Justice Suman Shyam made the observation while setting aside a set aside a ₹36 lakh award granted by the labour court in favour of an employee and against a bank.

“Once an objection as to the maintainability of the reference was raised by the management by taking the plea that the employee was not a workman, regardless of whether any written statement is filed on not, it was incumbent upon the learned Labour Court to record a finding on the above aspect of the matter based on the materials produced by the employee. The burden to prove that the employee is a workman for the purpose of section 2 (s) would be upon the employee and not the Management,” the High Court held.

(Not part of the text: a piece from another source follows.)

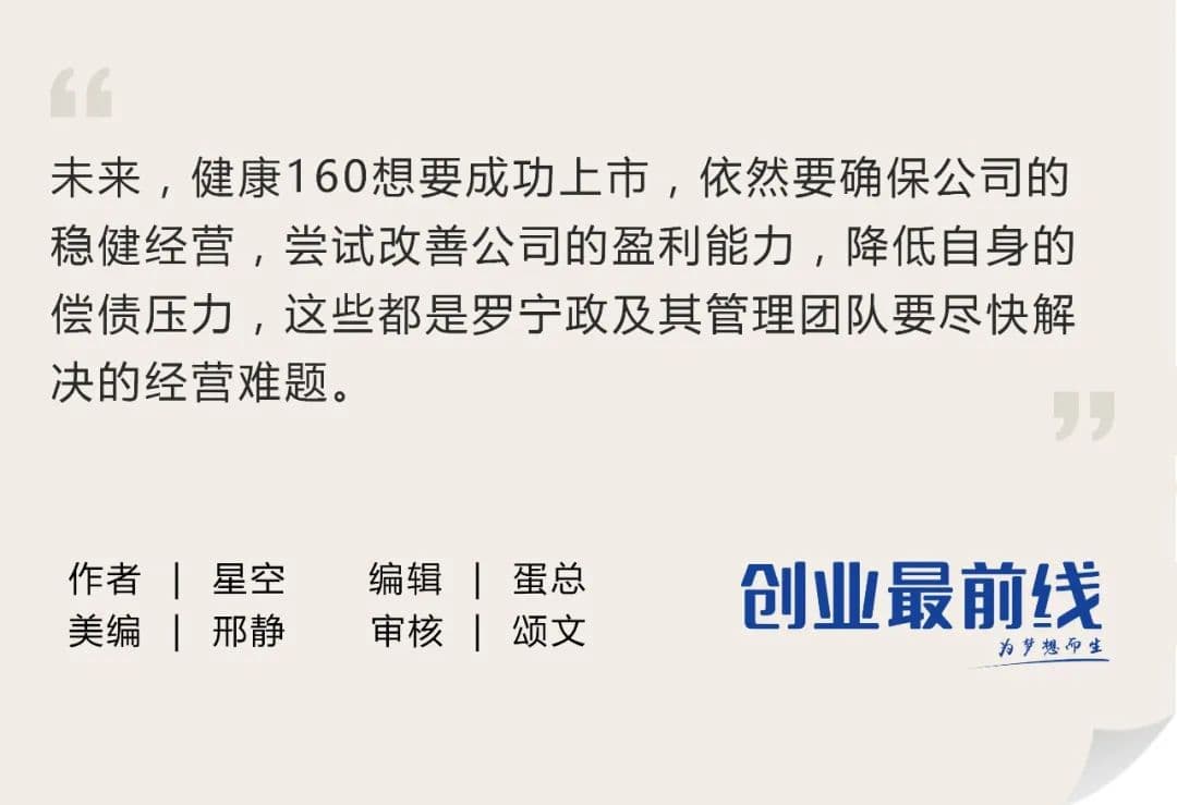 未来,健康160想要成功上市,依然要确保公司的稳健经营,尝试改善公司的盈利能力,降低自身的偿债压力,这些都是罗宁政及其管理团队要尽快解决的经营难题。

In this case, the bench also noted that the labour court had not examined the question of whether the applicant, who was a management-level employee, was a “workman” under the Act.

Hence, the matter was remanded back to the labour court for a fresh decision, preferably within six months.

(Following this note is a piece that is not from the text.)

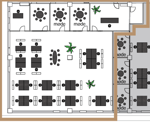 Lejemålet består af ét stort åbent lokale samt 6 mindre mødelokaler/stillerum/kontorer/printerrum. Lejemålet rummer mange muligheder for spændende indretning.

The High Court was dealing with a plea filed by the Industrial Cooperative Bank Limited challenging a labour court’s ex-parte order which had set aside the decision to terminate an employee accused of involvement in financial irregularities.

The labour court had called for the reinstatement of the employee, who was earlier in charge of administration and human resources. The order had also directed the payment of back wages and service benefits in arrears to the employee

The bank had not appeared before the labour court after its objection to the maintainability of the proceedings had been dismissed, and since its Managing Director at the time was embroiled in criminal proceedings.

The High Court noted that it is well-settled that issues of jurisdiction go into the heart of legal matters and, therefore, can be raised at any stage of proceedings.

The judge further noted that the labour court had not recorded proper reasons as to why the order dismissing the employee from service was not as per law, and that it had gone about in a ‘perfunctory’ manner.

He added that the labour court will have to decide on whether the domestic enquiry against the employee was fair and proper.

“If however, the Labour court does not find any infirmity in the proceedings of the domestic enquiry, then the order of penalty can only be examined on the touch stone of proportionality of the punishment,” the High Court further observed.

The bank’s appeal was, ultimately, allowed, and the compensation amount earlier ordered to be paid by the labour court was also set aside.

Advocates Bedanta Kaushik and Suman Das appeared for the bank. Advocate S Chakraborty represented the employee.

Advocate A Talukdar appeared for the State-authorities.